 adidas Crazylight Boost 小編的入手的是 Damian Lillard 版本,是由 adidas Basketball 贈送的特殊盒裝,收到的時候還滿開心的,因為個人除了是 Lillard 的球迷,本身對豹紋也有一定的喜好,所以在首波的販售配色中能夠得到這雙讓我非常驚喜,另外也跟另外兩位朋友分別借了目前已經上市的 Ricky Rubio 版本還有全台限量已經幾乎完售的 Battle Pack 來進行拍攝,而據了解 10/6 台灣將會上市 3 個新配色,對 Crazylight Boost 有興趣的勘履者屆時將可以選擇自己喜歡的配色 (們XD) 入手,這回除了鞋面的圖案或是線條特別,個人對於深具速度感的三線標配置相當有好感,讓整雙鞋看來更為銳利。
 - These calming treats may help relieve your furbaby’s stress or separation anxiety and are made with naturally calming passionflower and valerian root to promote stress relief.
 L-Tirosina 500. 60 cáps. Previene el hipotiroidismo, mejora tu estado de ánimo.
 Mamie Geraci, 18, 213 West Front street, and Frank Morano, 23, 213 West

== == ==

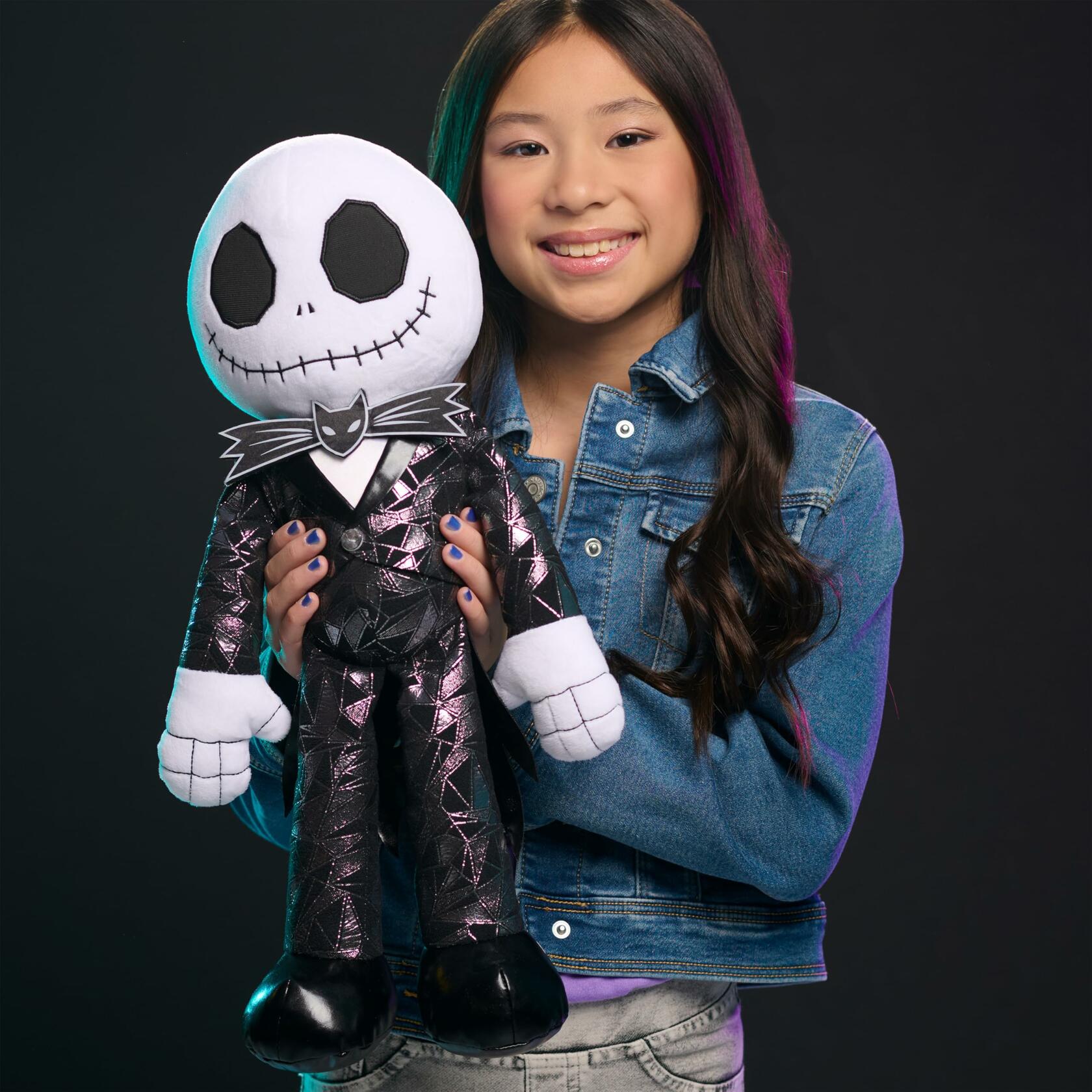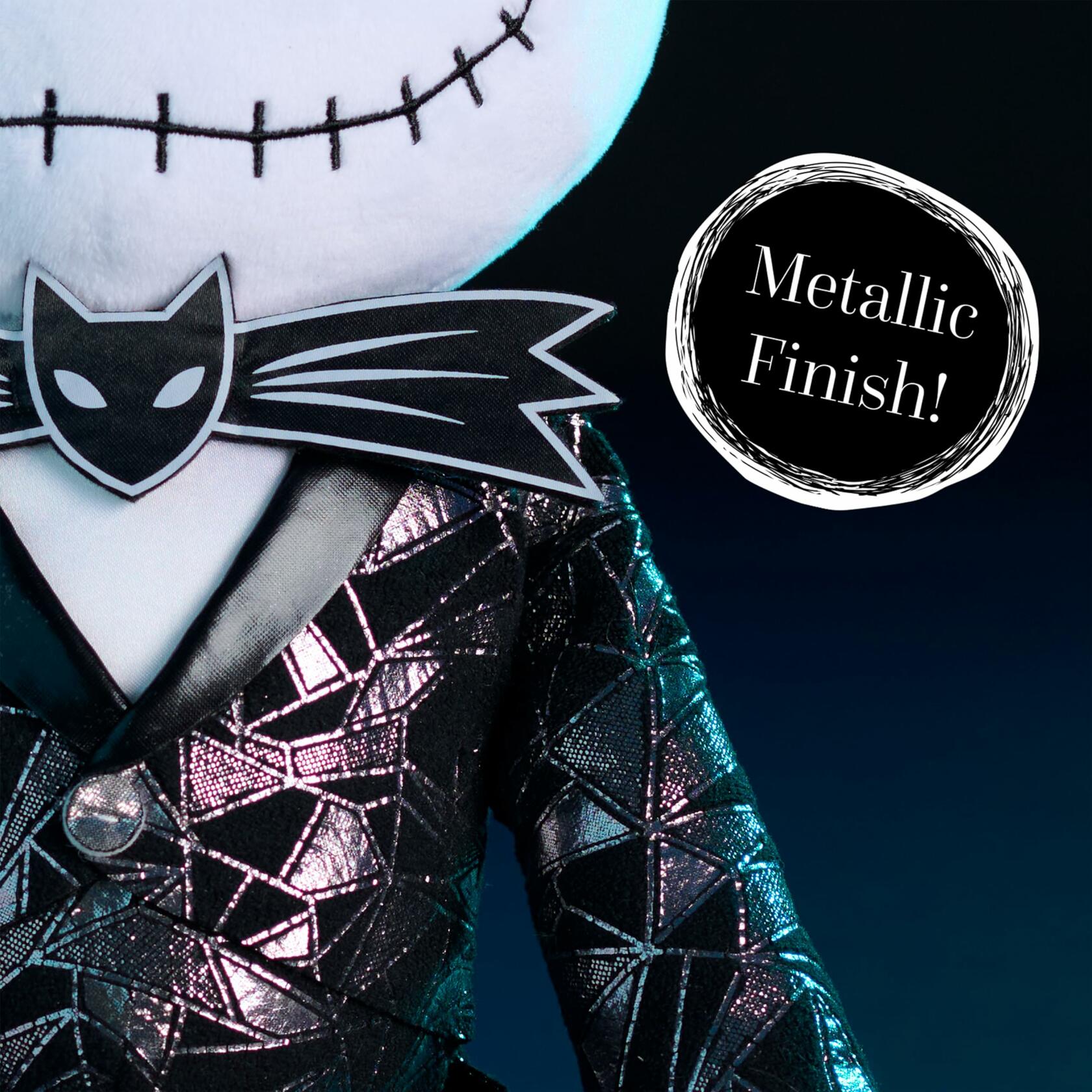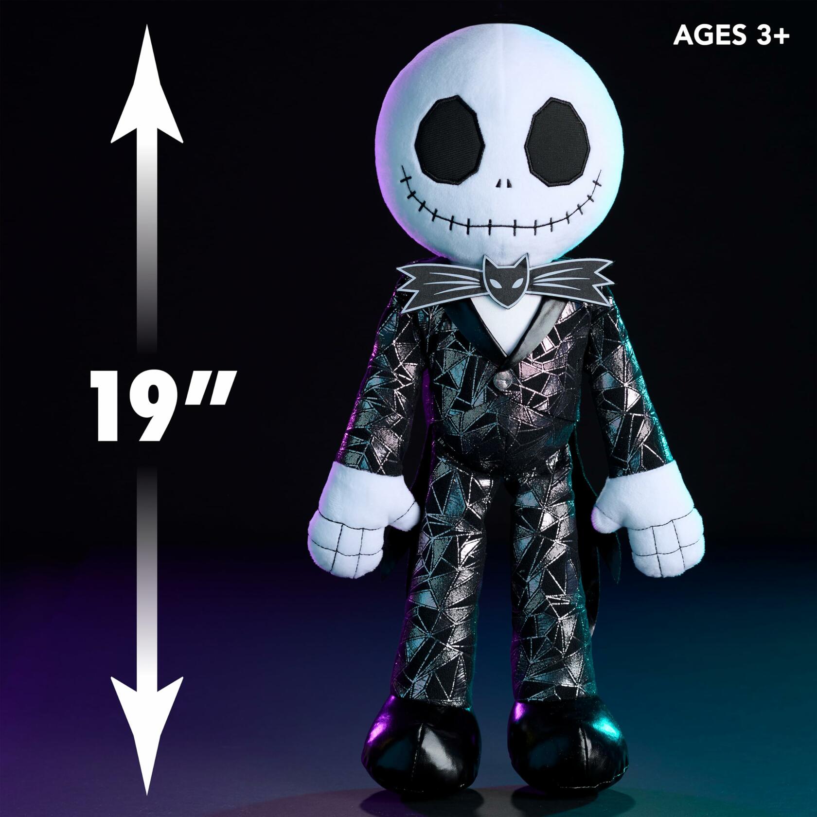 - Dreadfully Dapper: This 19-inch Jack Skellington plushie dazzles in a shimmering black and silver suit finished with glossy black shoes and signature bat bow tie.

== == ==

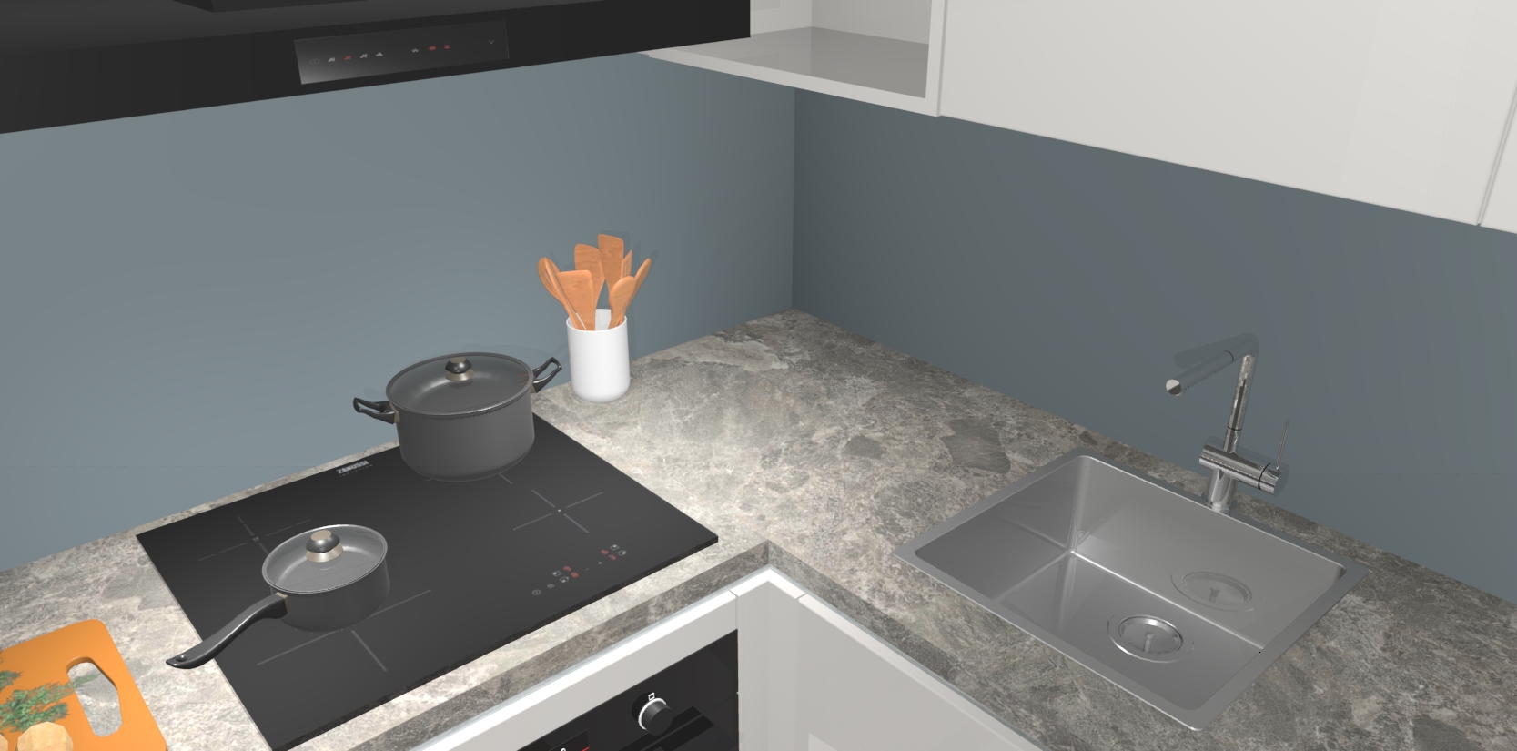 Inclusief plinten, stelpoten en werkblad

== == ==

### Problem to solve
Go back to the listing above. Copy word for word the lines from the one with "- These calming" through the one with "Mamie Geraci, 18, 213", and nothing more.

### Solution to the exercise
 - These calming treats may help relieve your furbaby’s stress or separation anxiety and are made with naturally calming passionflower and valerian root to promote stress relief.
 L-Tirosina 500. 60 cáps. Previene el hipotiroidismo, mejora tu estado de ánimo.
 Mamie Geraci, 18, 213 West Front street, and Frank Morano, 23, 213 West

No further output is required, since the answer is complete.